Government funds more pollution but dumps key reporting
The National Government is pouring millions into subsidising irrigation for intensive farming yet failing to protect our waterways from becoming even more polluted, Green Party water spokesperson Eugenie Sage said today.
"The National Government's announcement today of an initial $80 million for irrigation, through a new Government company, is a subsidy for intensive farming and will see our rivers, lakes and aquifers polluted even faster.
"More irrigation and more intensive agriculture with increased stocking, and more fertiliser will result in greater water pollution.
"Government irrigation subsidies will worsen our already severe water pollution problems.
"Irrigators get to pocket profits yet when the degradation inevitably happens, the taxpayer will end up having to pay for waterway clean-ups.
"The Ministry for the Environment's recreational water quality monitoring shows 52 per cent of our rivers are unfit for swimming," Ms Sage said.
Many rivers are in crisis - a Marlborough raft race planned for Saturday is being run on the riverbank because the river is too polluted and flows are too low, toxic algae in Hawke's Bay's Tukituki River have killed a dog, and elsewhere too many rivers are too polluted or low to swim in.

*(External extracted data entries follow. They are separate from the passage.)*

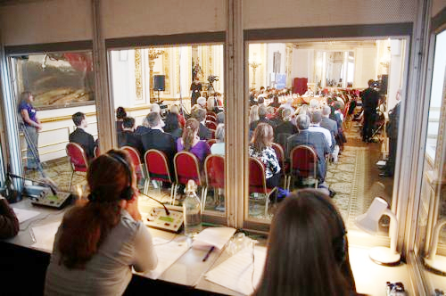 В синхронном переводе, переводчик переводит в то время, как говорит оратор. Поэтому эта форма перевода подходит для больших или небольших собраний, когда ораторы не могут постоянно прерывать свою речь, чтобы переводчик мог перевести. Такими является большинство собраний с заранее приготовленным выступлением. Если сеанс синхронного перевода длится более часа, команда переводчиков должна состоять, по крайней мере, из двух человек, работающих в одной кабине. Основная функция кабины - изолировать переводчиков от шума в конференц-зале, чтобы они могли сосредоточиться на тексте оратора, который они слышат через наушники. Оба переводчика следят за речью говорящего через свои наушники. Каждый переводчик переводит течение десяти-пятнадцати минут с помощью микрофонной системы и передает очередь партнеру, как только чувствует усталость. Работа требует такой концентрации и усилий, что чередование является необходимым условием. Специалисты:Профессиональные переводчики являются высококвалифицированными людьми . Успех вашей конференции или встречи зависит от их языковой и профессиональной компетентности . Профессиональные переводчики (также называемые синхронными переводчиками) всегда переводят на их родной язык, который так же называется языком А. Крайне редко переводчик владеет двумя языками A . Таким образом, если конференция должна быть переведена на два языка одновременно, например на французский и английский языки , Вам будет необходимо работать с двумя специалистами, каждый из них будет переводить на их родной язык или язык А. Конечно, переводчики могут работать в противоположном направлении, то есть переводить с языка А на язык Б. Этот вариант является оптимальным, когда лишь несколько человек нуждаются в переводе на язык Б, а так же, когда им немного знаком язык докладчиков конференции. Однако следует отметить, что в синхронном переводе наблюдается заметное различие между родным языком переводчика в (А) и языком Б . Звуковое оборудование:Звуковое оборудование - очень важный аспект конференций с синхронным переводом. Речь основных докладчиков должна транслироваться в кабины, в которых работают два переводчика. Они слушают речь оратора в наушниках и переводят ее в микрофон. Их перевод осуществляется по беспроводной передаче в наушниках присутствующих , которым адресован переводимый текст . Этот процесс требует специального оборудования : микрофоны, громкоговорители , кабина, наушники, инфракрасный передачи , и т.д., и главное, присутствовие квалифицированного на протяжении всей конференции специалиста по технике. Мы не предоставляем эту услугу напрямую, но мы можем взять на себя её организацию . Мы сотрудничаем с лучшими специалистами в этой области, мы гарантируем качество оборудования и его надлежащее функционирование. Квалифицированный специалист будет присутствовать на протяжении всей конференции, он гарантирует отсутствие технических неполадок и заминок . Перевод кабины устанавливается за день до конференции или в начале дня конференции . Оборудование заранее проверяется .Оборудование пересчитывается до и после конференции. Специальное оборудование для коротких конференций:Специальный тихий перевод. Для конференций которые дляться не больше часа и которые, следовательно, могут быть переведены одним 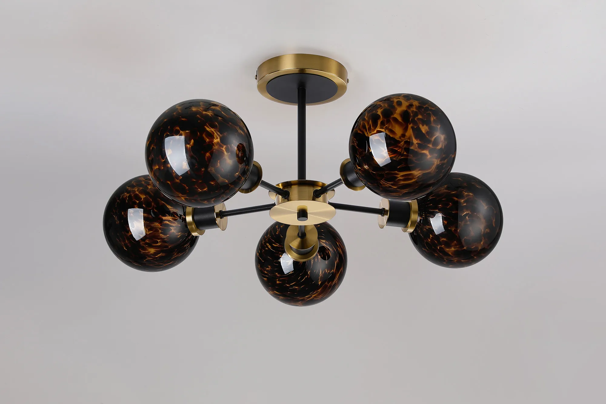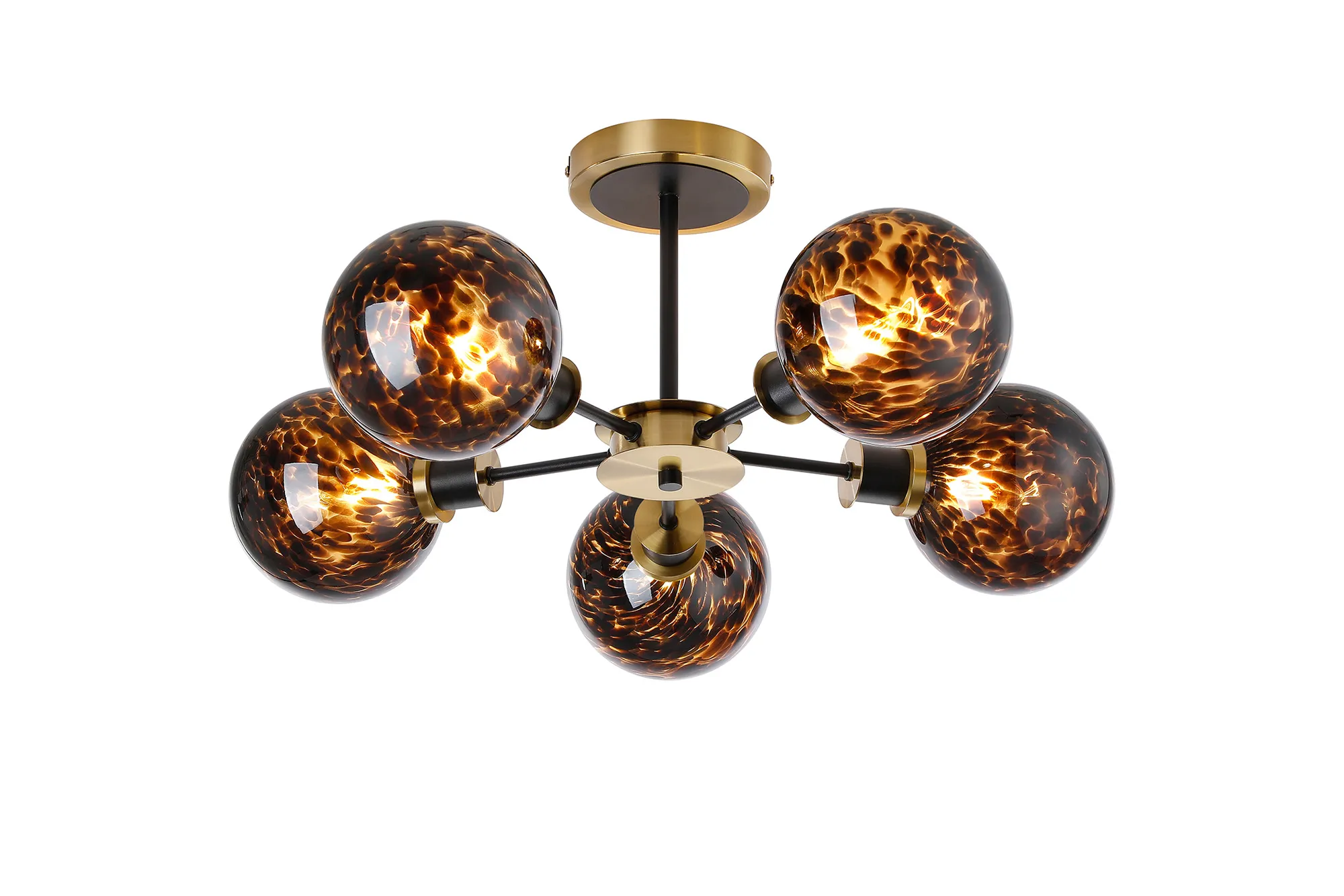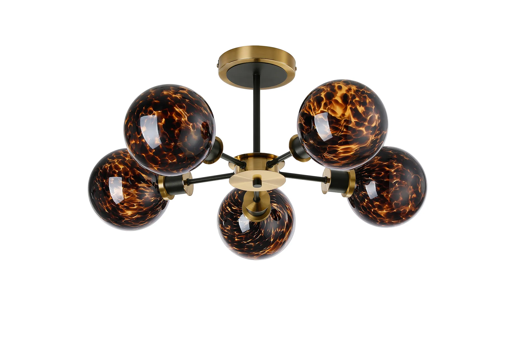 OTHER Fernie 52cm Semi Ceiling, 5 Light E14 With 15cm Round Brown & Amber Tortoise Shell Glass Shade, Brass & Satin Black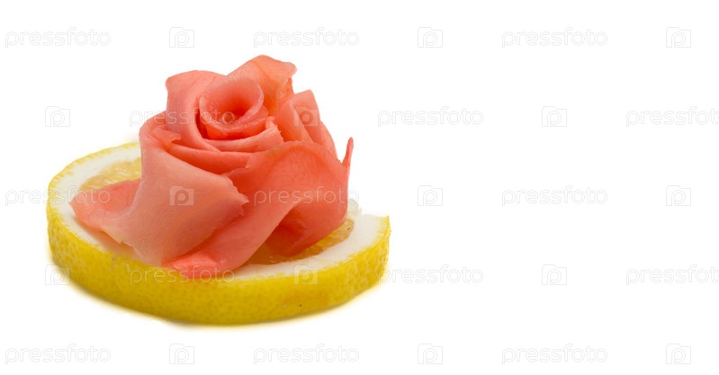 Имбирь на лимоне на белом фоне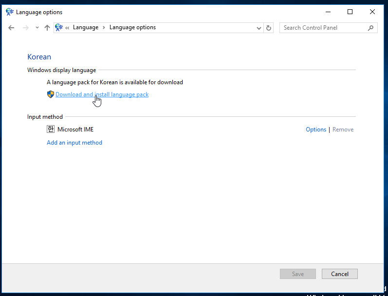 시작 > Control Panel > Add a language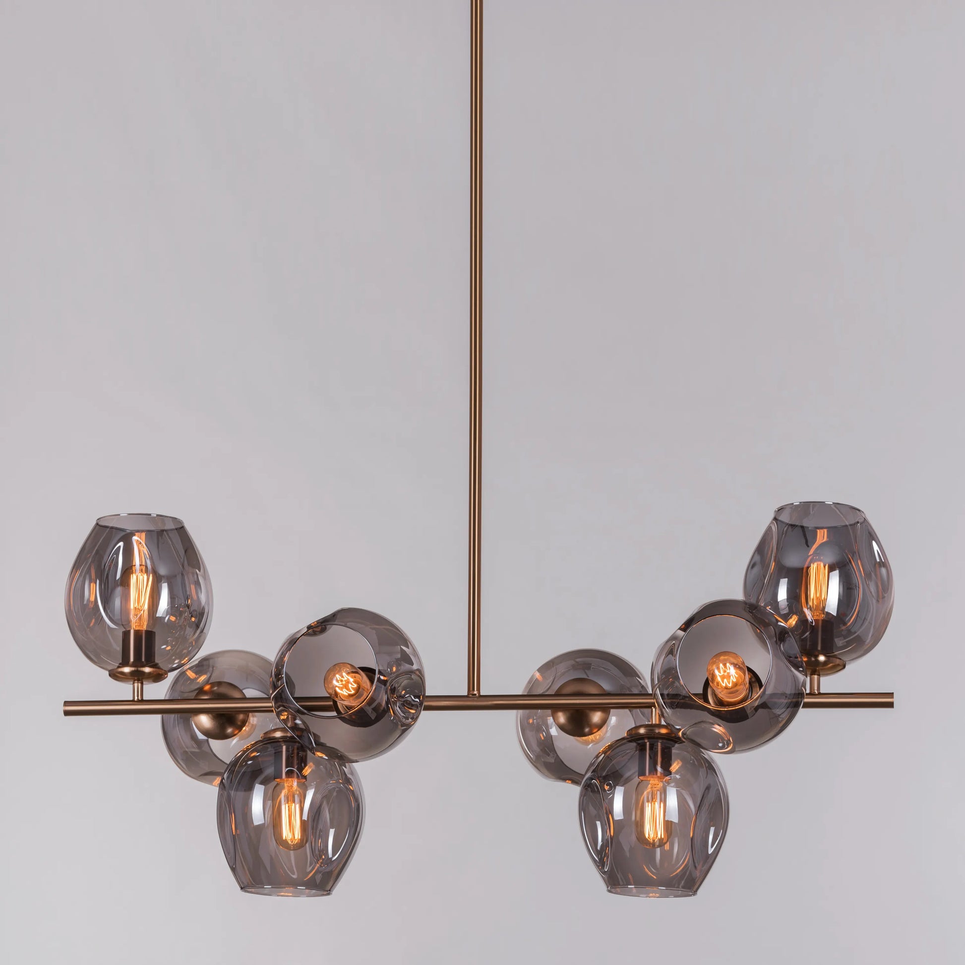 At the heart of this chandelier's appeal is its ability to evoke the feeling of a night full of promise. The arrangement of glass pieces creates a dynamic interplay of light and shadow, reminiscent of the ever-changing urban skyline as night falls. This kinetic quality ensures that the chandelier remains a point of interest and conversation, offering new perspectives and patterns with every glance, much like the unfolding events of an exciting evening out.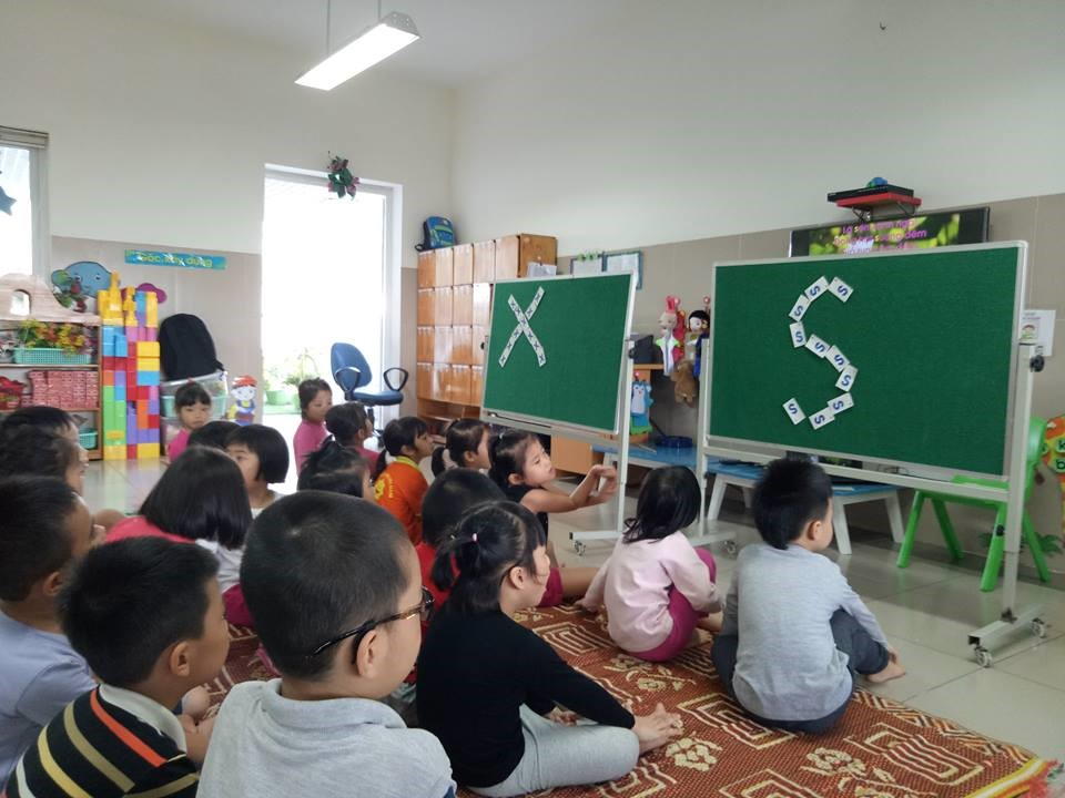 Dạy trẻ học chữ cái từ nhỏ sẽ giúp trẻ thông minh hơn nhưng việc dạy trẻ học không dễ dàng thực hiện. Bởi tùy thuộc vào từng trẻ có trẻ rất thích học , cũng có trẻ không chịu phối hợp cùng cô giáo.Đứng trước khó khăn đó thì các cô giáo lớp mẫu giáo A6 trường mầm non Đức Giang đã tổ chức các giờ học làm quen chữ cái sao cho trẻ học thông qua các nội dung trò chơi nên trẻ vô cùng hứng thú.Trẻ gọi tên , nhận biết, phát âm rõ chữ cái .Đặc biệt nôi dung chơi với chữ cái giúp trẻ nhớ lâu, nhớ kĩ đặc điểm riêng của từng chữ cái được học mà khó bị nhầm lẫn. Một số các trò chơi như chọn chữ cái, xếp tạo hình chữ cái to từ các chữ cái nhỏ,tạo hình chữ cái từ dây kẽm hoặc từ cơ thể bé, tô chữ rỗng, điền chữ còn thiếu….Và sau đây là một số hình ảnh của hoạt động cho trẻ làm quen với chữ cái s, x tại lớp mẫu giáo A6 mà trẻ vô cùng hứng thú.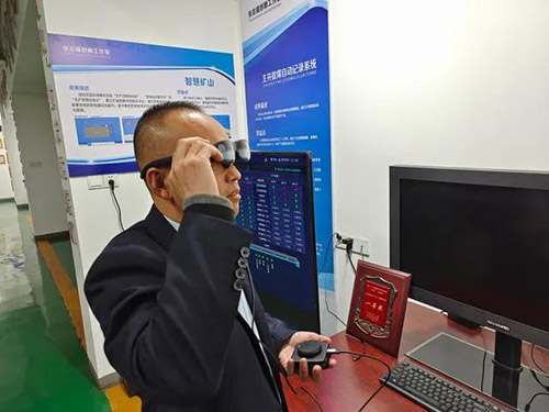 井上工作人员运用AR眼镜进行井上井下联动。新华社记者王劲玉 摄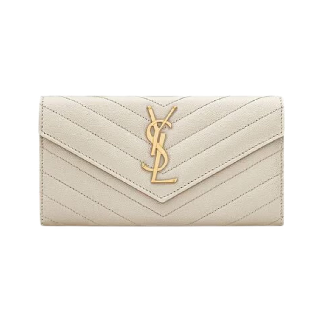 Dettagli:● Materiale: Pelle grain de poudre● Colore: Beige sabbia● Chiusura: Patta con bottone● Logo: YSL dorato● Interno: Organizzato con slot

"The new State company will assess schemes seeking funding against five criteria. The absence of any environmental criteria which require the scheme to improve river health, reduce water pollution and benefit aquatic ecosystems is telling. Once again the National Government is promoting development at the expense of the environment.
"At the same time the National Government is subsidising irrigation it is reducing the ability of the Department of Conservation and community organisations to use the RMA to advocate for healthy rivers. It has slashed DoC funding, weakened water conservation orders and the RMA.
"The National Government is trying to hide the extent and seriousness of our water quality problems by ditching consolidated nation-wide state of the environment reporting. That reporting needs to be reinstated immediately."